In fact, despite constantly mentioning the astounding conclusions from numerous brain imaging studies he was run, not one has appeared in the scientific literature.
But even without knowing about the reliability data or the quality of the analysis, it's easy to see that he's talking through his hat because the interpretation are so over-the-top that they are actually beyond what is possible with brain imaging science.
The piece is full of nonsense of various sorts.
I carried out an fMRI experiment to find out whether iPhones were really, truly addictive...
In each instance, the results showed activation in both the audio and visual cortices of the subjects brains. In other words, when they were exposed to the video, our subjects brains didnt just see the vibrating iPhone, they heard it, too; and when they were exposed to the audio, they also saw it. This powerful cross-sensory phenomenon is known as synesthesia.
Actually, this is known as bullshit because synesthesia is where a conscious sensory experience in one sensory domain produces a conscious experience in another.
In other words, synesthesia is defined by the experiences that someone has, not where brain activity shows up.
Link to the Original article. NYT:You Love Your iPhone. Literally.
(Excerpt) Read more at mindhacks.com ...
It’s more like “Hey, you’re really familiar with your iPhone.” Duh!
Junk Science meets Leftist Rag... now THAT’S true love!
I am surprised that you are surprised that “The Old Gray Bag Lady” would have in their employ Manufacture-Myths-Martin.
Meanwhile, in NYC, the brewing pathos is reaching epic proportions! I’m talking about the future leaders of Amerika down on Wall Street protesting the-flavor-of-the-day.
Is the Old Bag Lady going to open her doors, feed, shelter and comfort the protesting masses? It is the LEAST that she could do for her future writers, and editors!
Well, that’s not quite true. The least that she could do is nothing.
I concluded my comments by saying we at Free Republic know better than to be surprised.
The piece is written by Martin Lindström, famous for writing the 'neuromarketing' best-seller Buyology, but infamous for not making any of his data or studies public. In fact, despite constantly mentioning the astounding conclusions from numerous brain imaging studies he was run, not one has appeared in the scientific literature.
I extend my apologies to you. My comments were a feeble attempt at humor. A lot of tongue-in-cheek type of dry humor. It is a character flaw of mine. Sorry.
Well, if you really mean it, only flowers will do. :-) There’s nothing unambiguous about my comments being expressed in a humorous vein, albeit feeble (as well). :-)
Yep, I meant every word, including the part about my flawed character.
A lot is lost when humor is reduced to print. Victor Borga (?sp) probably came the closest in his re-definition of punctuation marks, Youtube it, or rent his video sometime for a good chuckle.
The Old Gray Ass-Wipe, has always been a counterculture rag. She almost went belly up a few years ago, but didn’t, to my great disappointment.

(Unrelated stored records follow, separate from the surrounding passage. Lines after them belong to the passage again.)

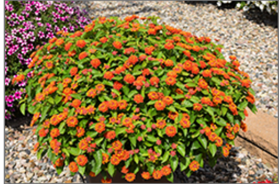
Hot Blooded Red Lantana in bloom

Hot Blooded Red Lantana makes a fine choice for the outdoor landscape, but it is also well-suited for use in outdoor containers and hanging baskets. It is often used as a 'filler' in the 'spiller-thriller-filler' container combination, providing a mass of flowers against which the thriller plants stand out. Note that when grown in a container, it may not perform exactly as indicated on the tag - this is to be expected. Also note that when growing plants in outdoor containers and baskets, they may require more frequent waterings than they would in the yard or garden.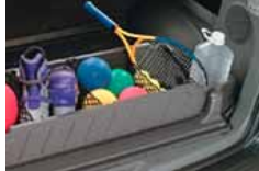
A FOLDING CARGO ORGANIZER CONVENIENTLY KEEPS YOUR STORAGE SPACE TIDY.

If you'd like to customize your Santa Fe, please see your Hyundai dealer for the full line of Hyundai accessories. You should always use genuine Hyundai parts and accessories, which meet strict standards for quality and durability.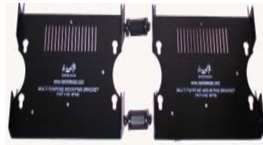
2 NB-MPB-P Brackets joined together when used on a 1 1/2 "Pole (Shown with NB-JK Joining Kit)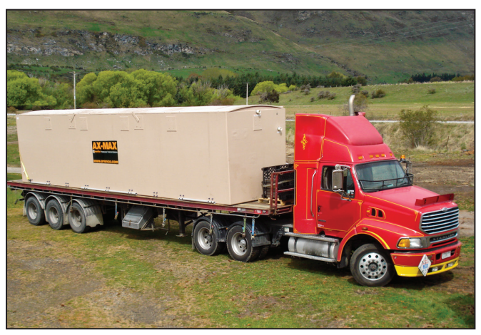
Completely pre-packaged and built inside a durable, insulated, fiberglass tank, an AX-Max<sup>™</sup> unit is easy to ship—either by truck, rail, or cargo container.

Even though each of the park's bathroom and shower facilities had its own septic tank, the tanks were quite old and many of them were too small to meet current levels of usage. During the peak summer season, several of the tanks would routinely fail, and effluent would overflow the trenches. Bad odours were common, as was the need for pump-outs.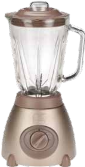
BL 16911 MY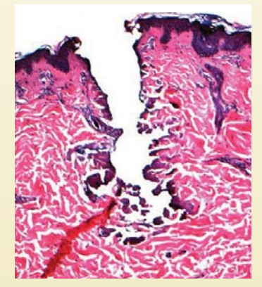
ProFractional Variable Treatment Depth - 1,000 microns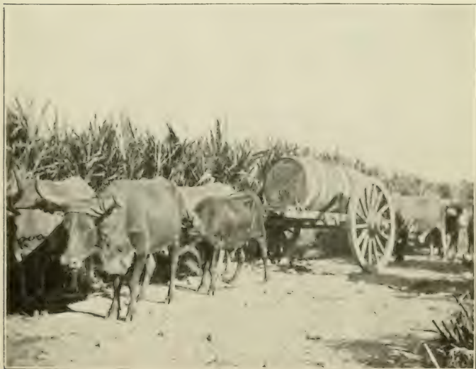
HAULING MOLASSES TO MARKET.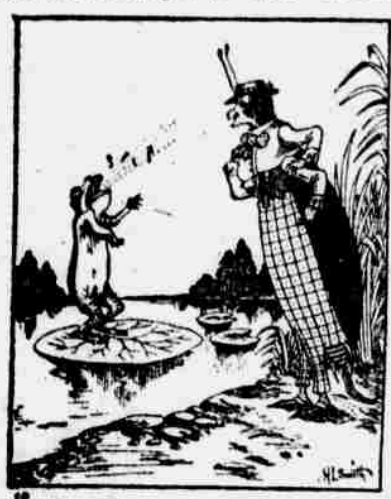
And then he would begin again, exactly as before.

CHAPTER XVIII. Mr. Cricket Frog's Trick. "What's the matter? Are you hurt?" Chirpy Cricket called to Mr. Cricket Frog from the bank of the duck-pond.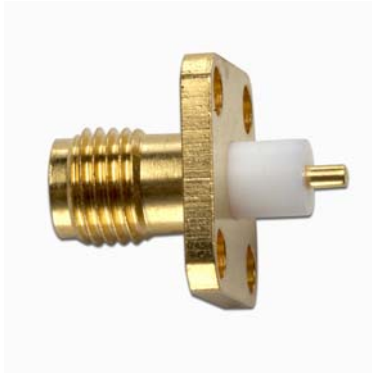
Model 72962 SMA JACK PANEL RECEPTACLE (4 HOLE)

High bandwidth, small size, and durability for confident connections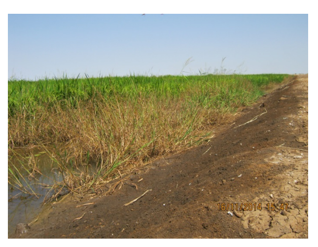
Figure 11 The edge of ricefields are used by Ruffs that forage mostly on grass seeds of Echinochloa pyramidalis and 'wild rice seeds'.

read one CR-combination due to long distances.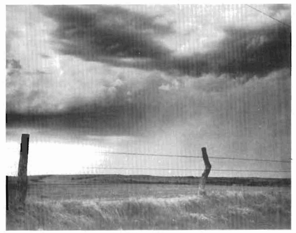
A typical Flint Hills landscape: grass, sky, and barbed wire. Wabaunsee County, c. 1960.

The articles in this section are nearly all technical in nature, reports of research performed by grass scientists or range management specialists. As might be expected, the Flint Hills, particularly since the establishment of the Konza Prairie Research Natural Area, comprise one of the world's leading laboratories for the study of grassland ecology.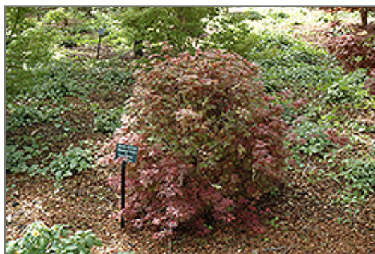
Kandy Kitchen Japanese Maple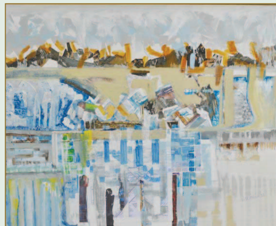
Crash Acrylic, Collage 22X28 inch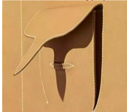
Fig.5 three-dimensional box-type pocket (opening)

The above four pocket designs looked distinguishing in their styles, but the starting points in these designs were divorced from ordinary pocket formative technology—a breakthrough was sought in the pocket production process: the change of process change was integrated with shape; these exquisite pocket designs would never be achieved if designers did not know well the pocket processes.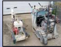
TARGET AND PECO WALK BEHIND SAWS

TARGET Econoline II Walk Behind Concrete Saw , s/n 335840, powered by Honda 20HP gas engine, equipped with 24" blade capacity. In good condition.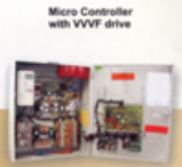
Micro Controller with VVVF drive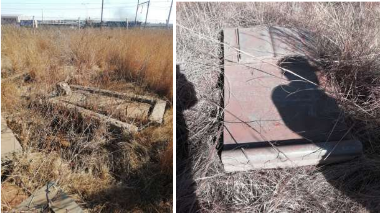
Plate 9: Shows tombstones piled at the site in question.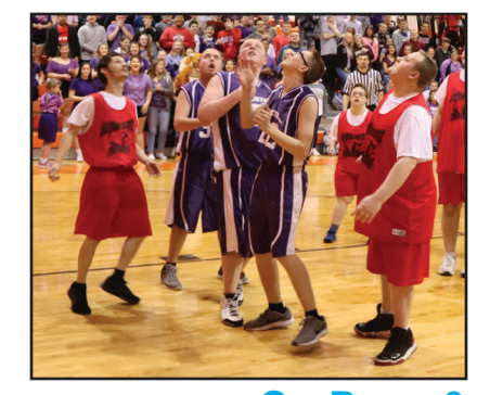
On Page 3 Photos from the Rivals Game vs. the Open Door Jets at Ironton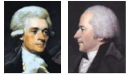
Thomas Jefferson (above left) by Mather Brown (detail), oil on canvas, 1786. Gift of Charles Francis Adams. Alexander Hamilton (above right) by James Sharples, pastel on paper, circa 1796. National Portrait Gallery, Smithsonian Institution

WHERE IS THE CAPITAL TO BE? Ever since the old Congress left Philadelphia in 1783, arguments have raged over where the permanent seat of government should be built. At last, the residence is decided. The government is to leave New York and spend the next ten years in Philadelphia. The permanent capital will be a new city created on the banks of the Potomac River, the exact location to be chosen by President Washington. Some folks speculate that it will not be far from Mount Vernon. New Yorkers, after they have gone to so much trouble and expense to accommodate the government, feel betrayed, and one angry letter to the editor speaks of the President as the country’s “former favorite guardian and deliverer.”

Remember that punk kid she hired a few years ago that wrote total lies, got caught by someone OUTSIDE the NYT organization, finally got let go, and then wrote a book about how incompetent his editor was for not catching the lies that he wrote? Oh, YES, I meant every word in my sarcastic, dry, feeble attempt at humor.
I’ll work on my character flaws - - - . Who knows, someday I might be completely humorless - - - ?
BTW, thanks for the cyber-flowers, they are lovely! Allow me to buy you a cyber-beer. Gotta replenish the CO2 in the atmosphere!
BTW, BTW, didn’t mean to do it, but those last two lines rhyme - - - . This “character change” stuff is going to be a lot tougher than I thought!